6.7.8/32 "Initialization" gives a direct example:

EXAMPLE 8: The declaration

char s[] = "abc", t[3] = "abc";

defines "plain" char array objects s and t whose elements are initialized with character string literals.

This declaration is identical to

char s[] = { 'a', 'b', 'c', '\0' },
t[] = { 'a', 'b', 'c' };

The contents of the arrays are modifiable. On the other hand, the declaration

char *p = "abc";

defines p with type "pointer to char" and initializes it to point to an object with type "array of char" with length 4 whose elements are initialized with a character string literal.

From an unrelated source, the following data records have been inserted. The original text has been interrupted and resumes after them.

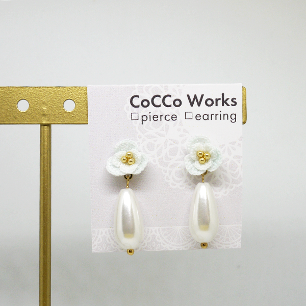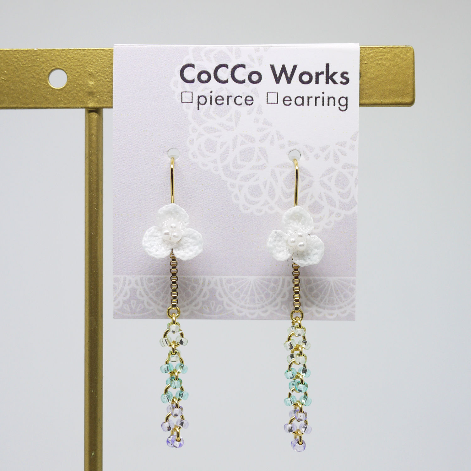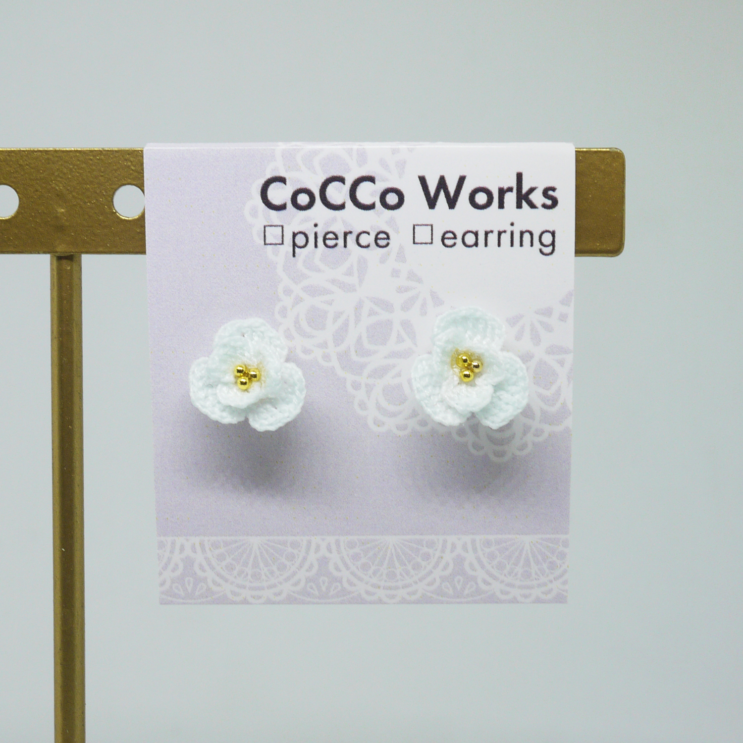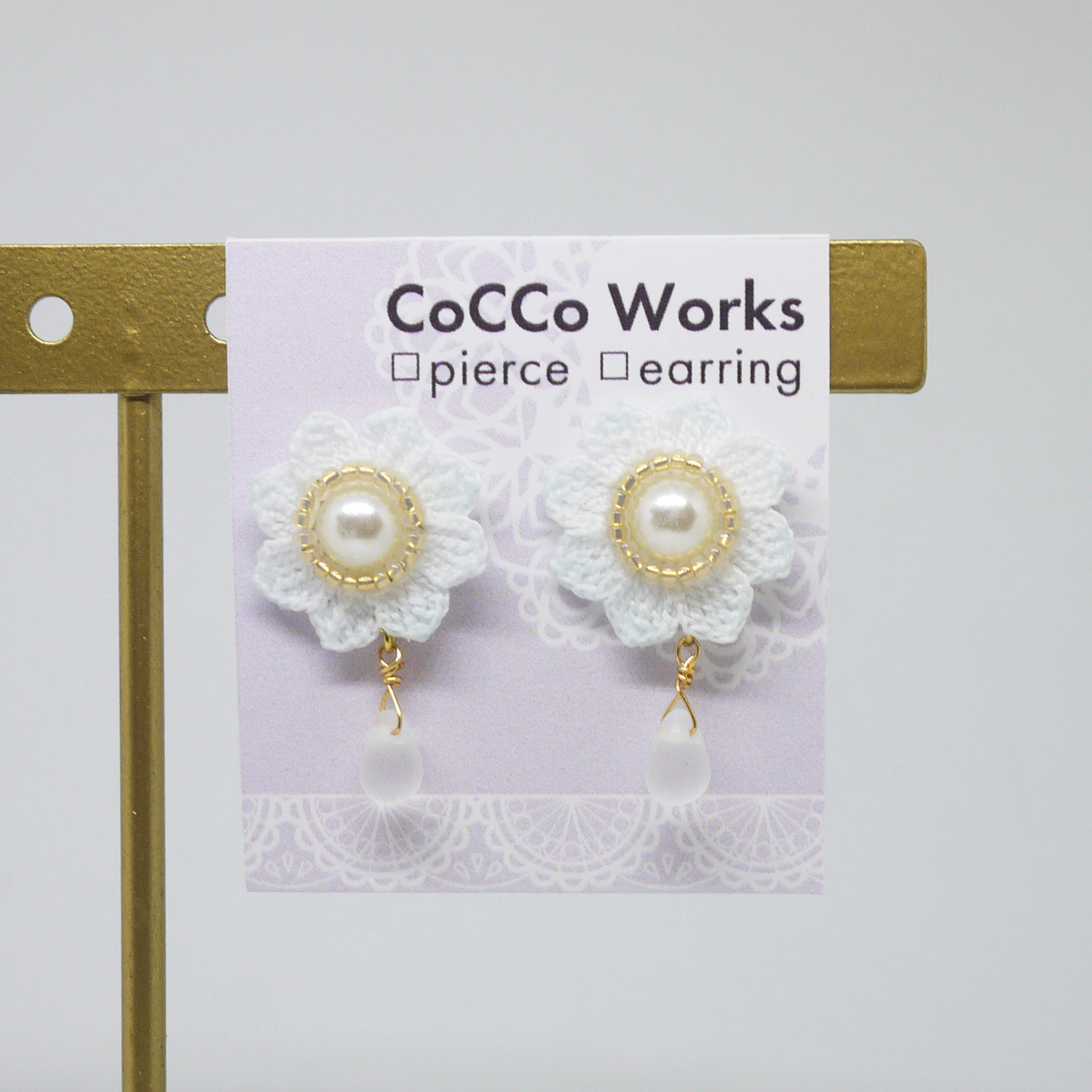 023 お花ピアス(スワロ/ホワイト/ビーズボール)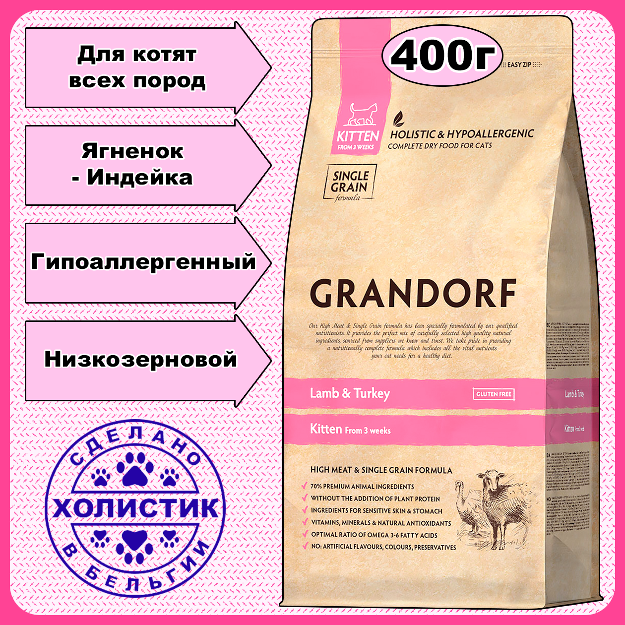 GRANDORF CAT Lamb&Turkey KITTEN (Ягненок с индейкой для котят) (400 г)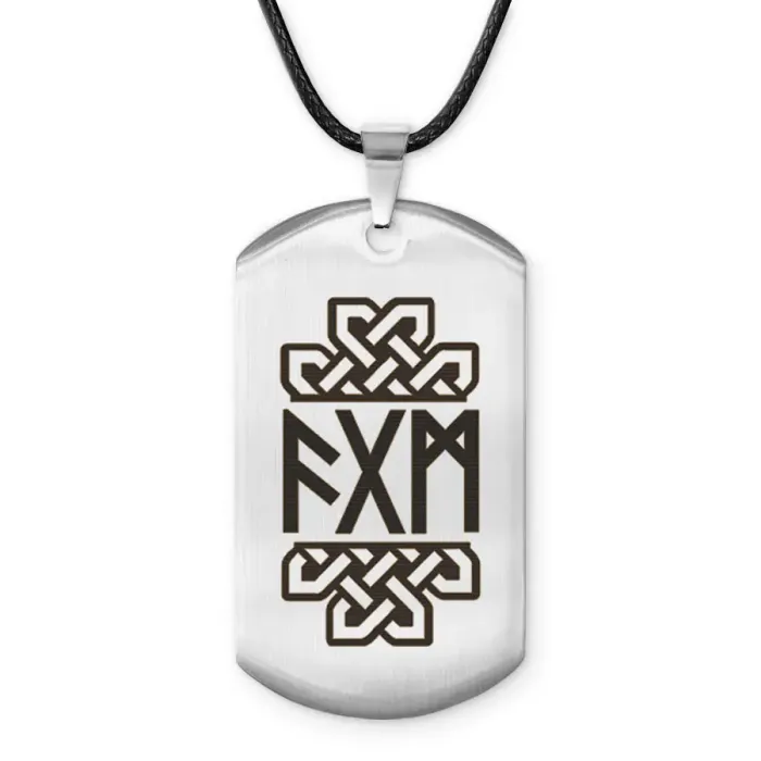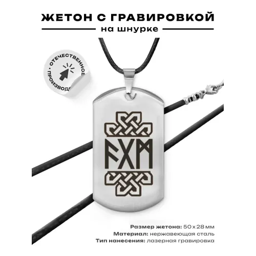 Амулет-жетон из полированной нержавеющей стали с руническим дизайном.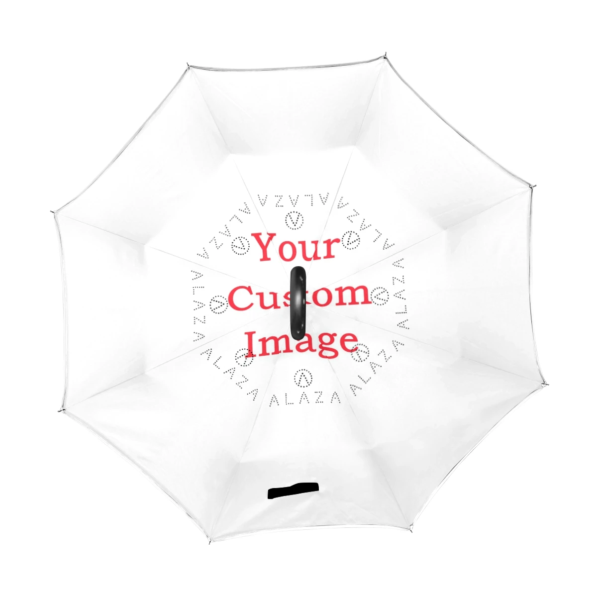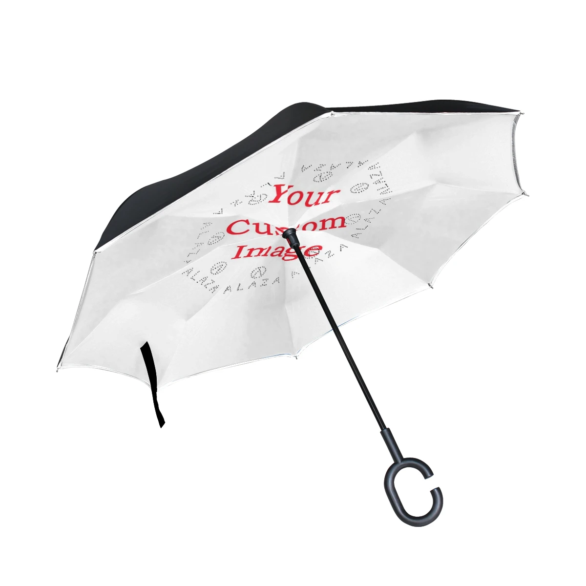 Индивидуальный узор Ветрозащитный Зонт от дождя для женщин и мужчин с длинной ручкой, двухслойный перевернутый автомобильный Зонт с подставкой

If an attempt is made to use p to modify the contents of the array, the behavior is undefined.

GCC 4.8 x86-64 ELF implementation

Program:

#include <stdio.h>

int main(void) {
    char *s = "abc";
    printf("%s\n", s);
    return 0;
}

Compile and decompile:

gcc -ggdb -std=c99 -c main.c
objdump -Sr main.o

Output contains:

 char *s = "abc";
8:  48 c7 45 f8 00 00 00    movq   $0x0,-0x8(%rbp)
f:  00 
        c: R_X86_64_32S .rodata

Conclusion: GCC stores char* it in .rodata section, not in .text.

Note however that the default linker script puts .rodata and .text in the same segment, which has execute but no write permission. This can be observed with:

readelf -l a.out

which contains:

 Section to Segment mapping:
  Segment Sections...
   02     .text .rodata

If we do the same for char[]:

 char s[] = "abc";

we obtain:

17:   c7 45 f0 61 62 63 00    movl   $0x636261,-0x10(%rbp)

so it gets stored in the stack (relative to %rbp).